* _DATASET EXTRACT_
# # #
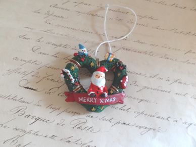 可愛いレジン製のオーナメントです。小さなリースの中にサンタがいます。インテリアやお庭に*ぶら下げてオーナメントにも。大きさは横4.5cm、縦5.5cm位です。
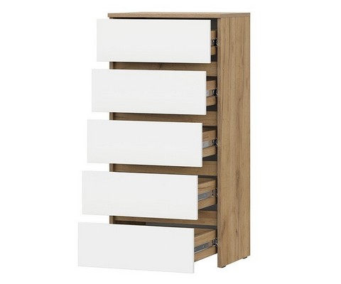 Комод Некст 1 с 5 ящиками (дуб золотой/белый) оснащен шариковыми направляющими и скрытой фурнитурой.
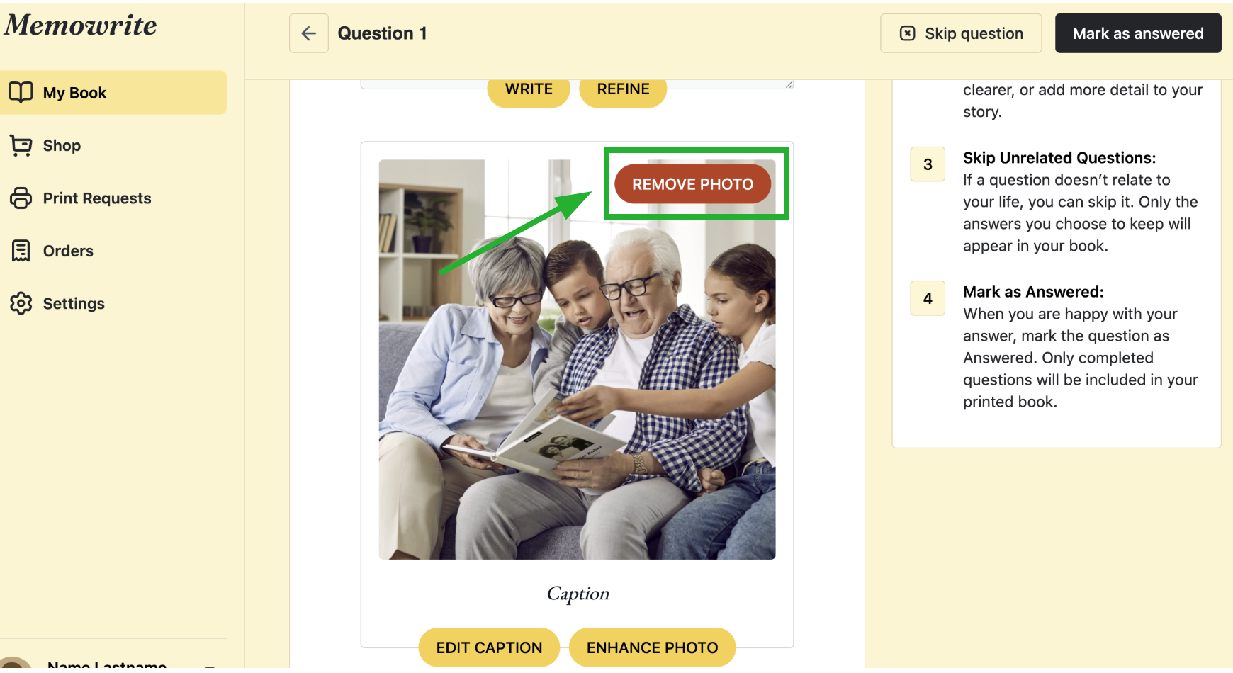 - Click the ‘Remove photo’ icon in the top-right corner to remove it.
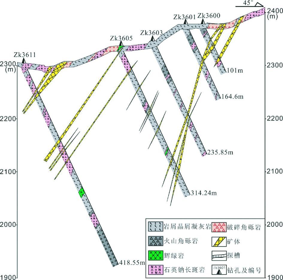矿区共圈定金矿体42条,多呈脉状、透镜状沿EW向断裂或NW向断裂分布,也几乎与地层平行,在延深和走向上分枝复合、尖灭再现、膨胀收缩特点明显(图 4)。Ⅰ1号金矿体规模最大,是目前主要开采对象,金矿化沿NW向断裂带产于石英钠长斑岩、流纹质凝灰岩、安山质凝灰岩中;金矿体与围岩无明显界限,须靠样品化验圈定;矿体长1050m,斜深666m,厚度2.08~31.85m(平均9.49m)平均品位1.2×10-6~3.46×10-6,最高品位40×10-6。
# # #
Could you output the lines above exactly, with no pictures included?

* _RESPONSE_
 可愛いレジン製のオーナメントです。小さなリースの中にサンタがいます。インテリアやお庭に*ぶら下げてオーナメントにも。大きさは横4.5cm、縦5.5cm位です。
 Комод Некст 1 с 5 ящиками (дуб золотой/белый) оснащен шариковыми направляющими и скрытой фурнитурой.
 - Click the ‘Remove photo’ icon in the top-right corner to remove it.
矿区共圈定金矿体42条,多呈脉状、透镜状沿EW向断裂或NW向断裂分布,也几乎与地层平行,在延深和走向上分枝复合、尖灭再现、膨胀收缩特点明显(图 4)。Ⅰ1号金矿体规模最大,是目前主要开采对象,金矿化沿NW向断裂带产于石英钠长斑岩、流纹质凝灰岩、安山质凝灰岩中;金矿体与围岩无明显界限,须靠样品化验圈定;矿体长1050m,斜深666m,厚度2.08~31.85m(平均9.49m)平均品位1.2×10-6~3.46×10-6,最高品位40×10-6。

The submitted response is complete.